Segment Start: DATA FOR REVIEW
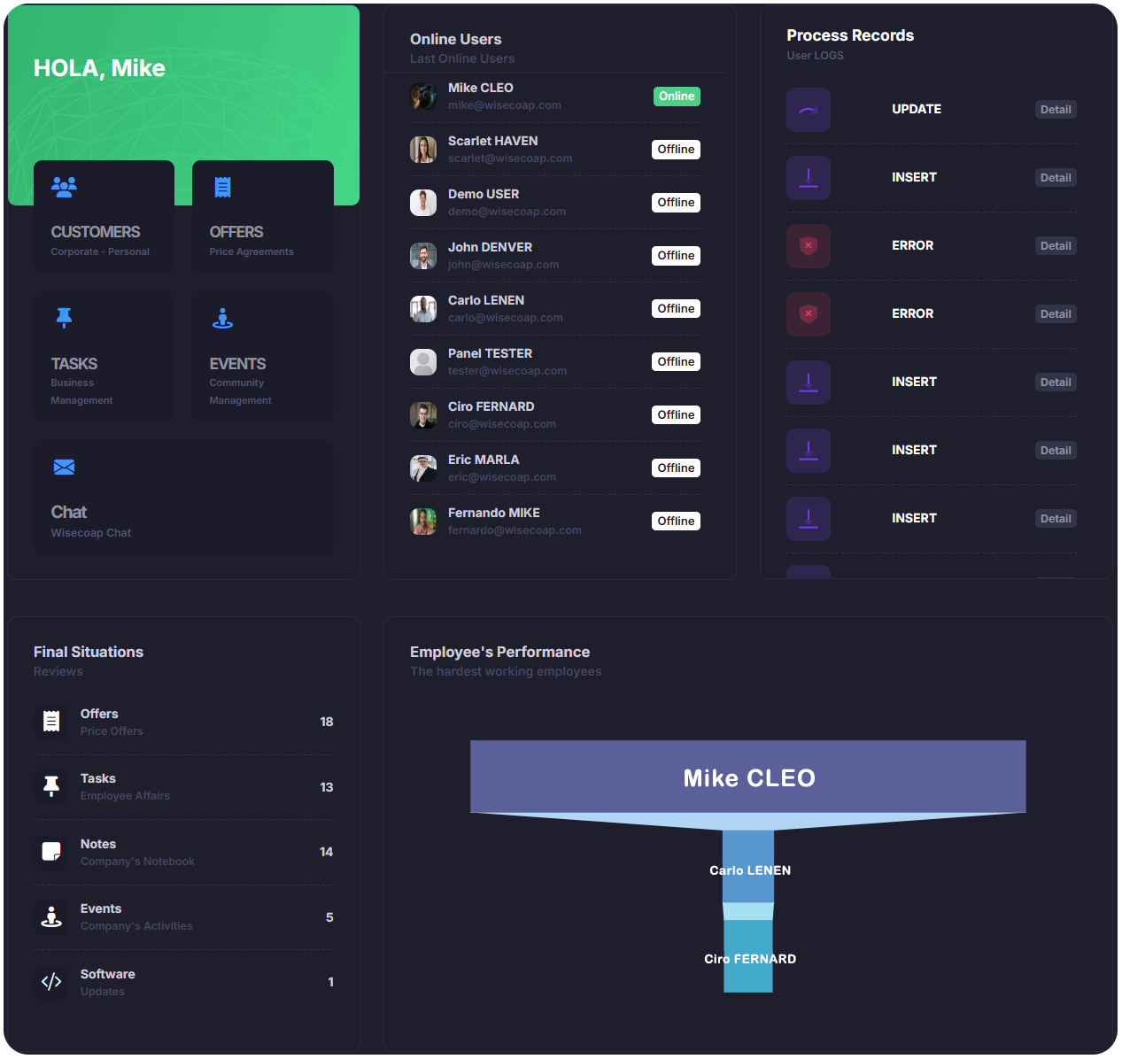 Panelinizi kendi ihtiyaçlarınıza yönelik özelleştirebilir ve bütünüyle şirketinizi gözlemleyebilirsiniz.
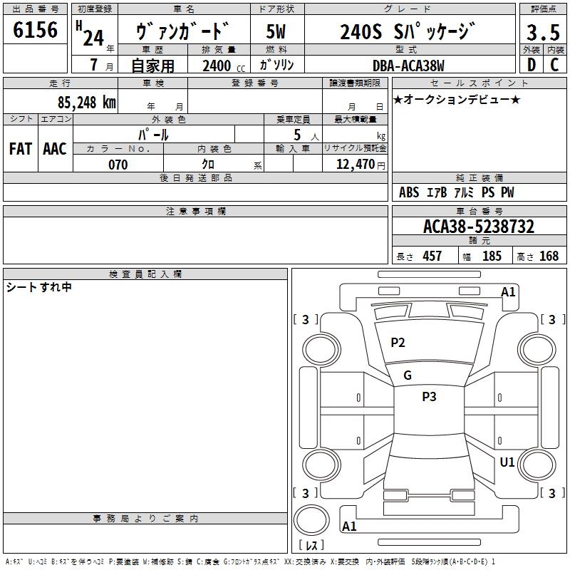 TOYOTA VANGUARD 240S S PACKAGE - лот 6156
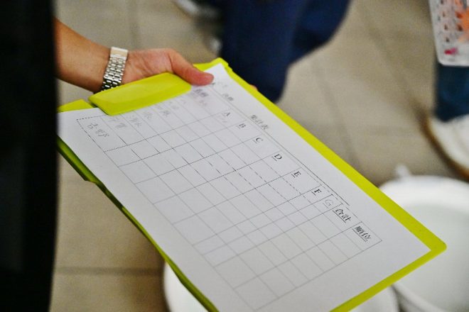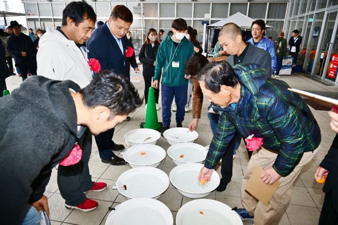 審査員がコレだ!と思った金魚にはオレンジ色のボールが投入されていきます。これだと、一般来場者の目にとまりやすくていいと思います。
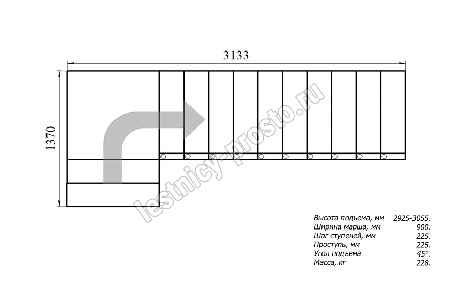 Высота лестницы 2925 - 3055 мм
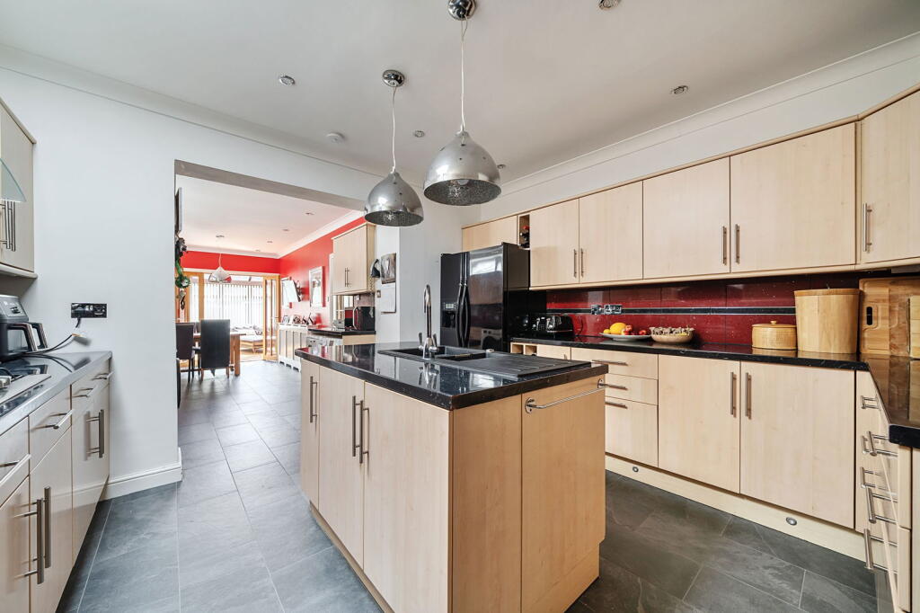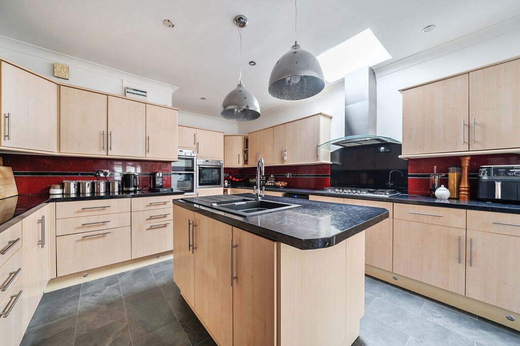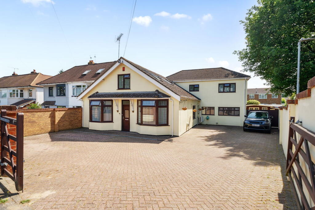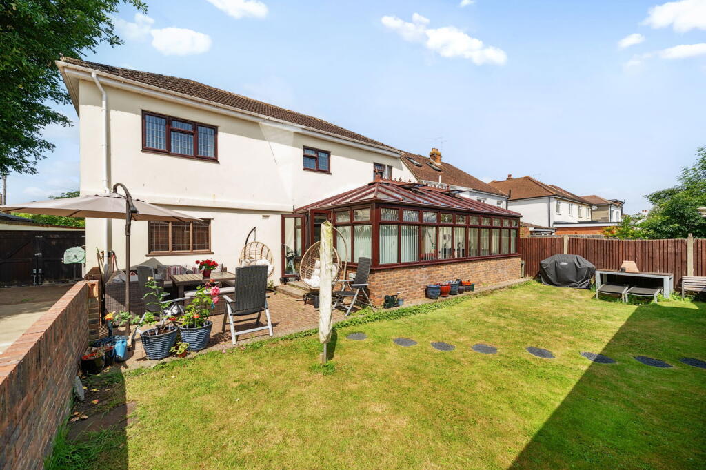 A substantial detached home on Maidstone Road, Rainham Central, Medway, Kent. The property boasts 5 bedrooms, 2 bathrooms, and a generous 3,283 square feet of living space. Key features include a large driveway with parking for 10 cars, a conservatory, and a garden with an outbuilding converted into a bar. The location is ideal for families, with proximity to reputable schools and convenient transportation links. While the list price of £700,000 exceeds the area average, the property offers significantly more space and a lower price per square foot, indicating good value. The interior appears well-maintained with modern amenities.
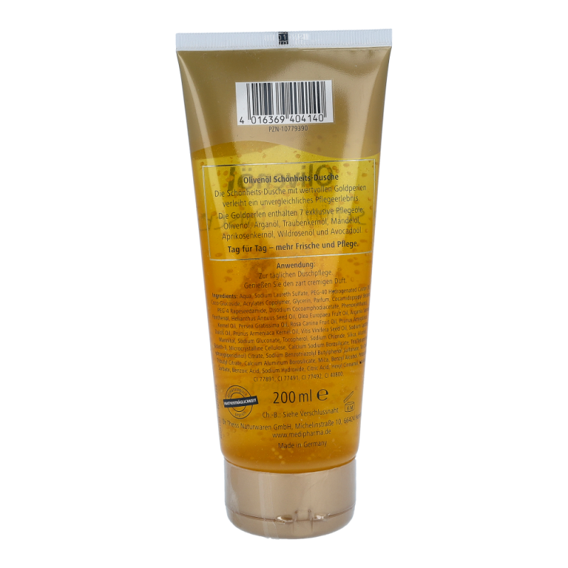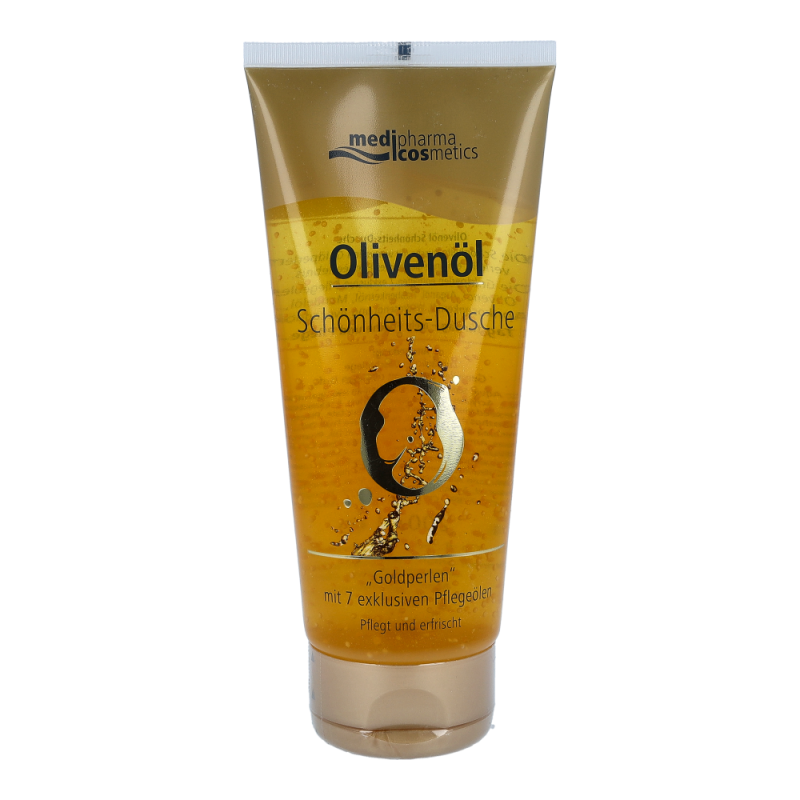 Olivenöl Schönheitsdusche mit wertvollen Goldperlen verleiht ein unvergleichliches Pflegeerlebnis. Die Goldperlen enthalten 7 exklusive Pflegeöle: Olivenöl, Arganöl, Traubenkernöl, Mandelöl, Aprikosenkernöl, Wildrosenöl und Avocadoöl. Das Produkt pflegt und erfrischt Tag für Tag.
Segment End: DATA FOR REVIEW
BRIEF
Pictures are to be left out; all else in the entries above is to be quoted exactly.

RESULT OF THIS TASK
 Panelinizi kendi ihtiyaçlarınıza yönelik özelleştirebilir ve bütünüyle şirketinizi gözlemleyebilirsiniz.
 TOYOTA VANGUARD 240S S PACKAGE - лот 6156
 審査員がコレだ!と思った金魚にはオレンジ色のボールが投入されていきます。これだと、一般来場者の目にとまりやすくていいと思います。
 Высота лестницы 2925 - 3055 мм
 A substantial detached home on Maidstone Road, Rainham Central, Medway, Kent. The property boasts 5 bedrooms, 2 bathrooms, and a generous 3,283 square feet of living space. Key features include a large driveway with parking for 10 cars, a conservatory, and a garden with an outbuilding converted into a bar. The location is ideal for families, with proximity to reputable schools and convenient transportation links. While the list price of £700,000 exceeds the area average, the property offers significantly more space and a lower price per square foot, indicating good value. The interior appears well-maintained with modern amenities.
 Olivenöl Schönheitsdusche mit wertvollen Goldperlen verleiht ein unvergleichliches Pflegeerlebnis. Die Goldperlen enthalten 7 exklusive Pflegeöle: Olivenöl, Arganöl, Traubenkernöl, Mandelöl, Aprikosenkernöl, Wildrosenöl und Avocadoöl. Das Produkt pflegt und erfrischt Tag für Tag.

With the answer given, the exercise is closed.